Each line below is to be copied exactly; images do not go into the copy.

* [Recorded data]

______________________________

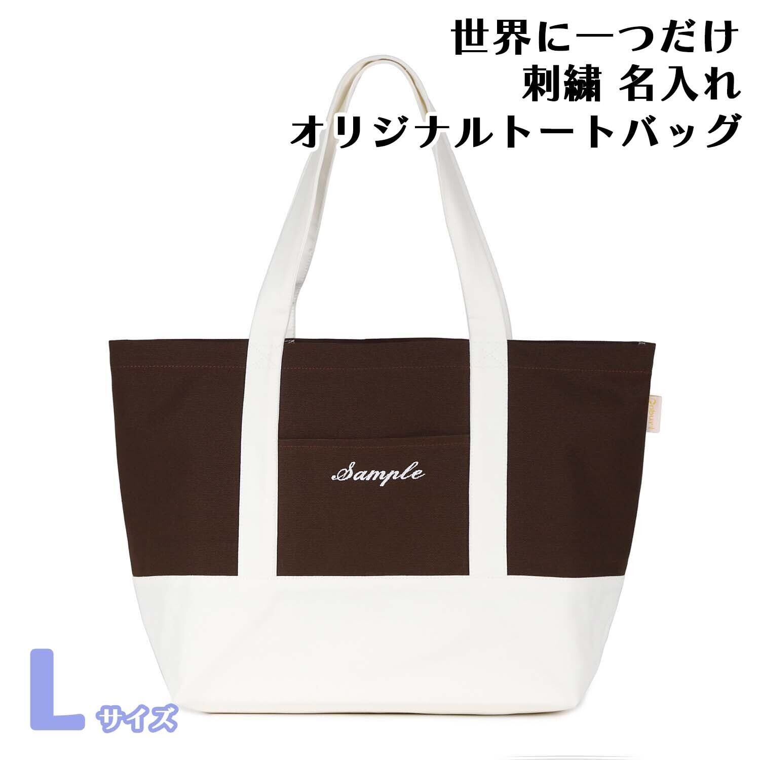 Lサイズ 【ブラウンXオフホワイト】 世界に一つだけ 刺繍 名入れ オリジナル トートバッグ
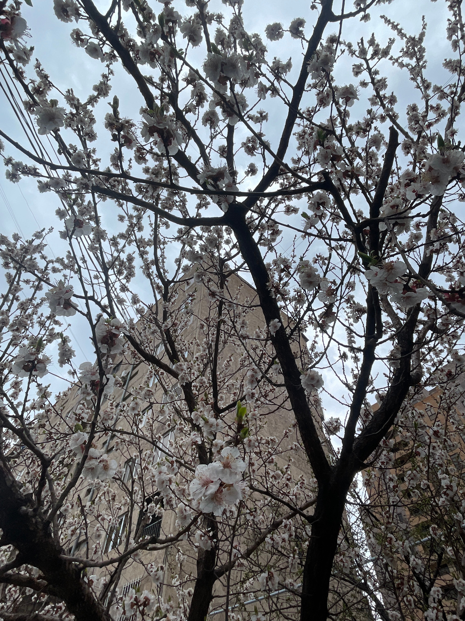 A low-angle shot depicts a tree in full bloom with white flowers against an overcast sky. The branches are dark and bare except for the flowers. In the background, a light-colored building is partiall…read more
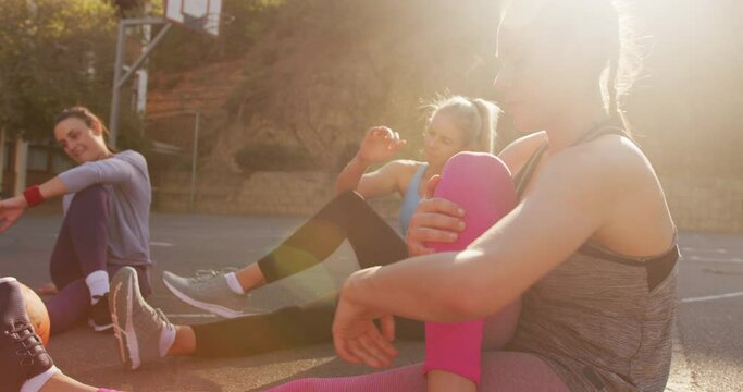 Diverse female basketball team wearing sportswear, stretching

______________________________

* [Exercise solution]
 Lサイズ 【ブラウンXオフホワイト】 世界に一つだけ 刺繍 名入れ オリジナル トートバッグ
 A low-angle shot depicts a tree in full bloom with white flowers against an overcast sky. The branches are dark and bare except for the flowers. In the background, a light-colored building is partiall…read more
 Diverse female basketball team wearing sportswear, stretching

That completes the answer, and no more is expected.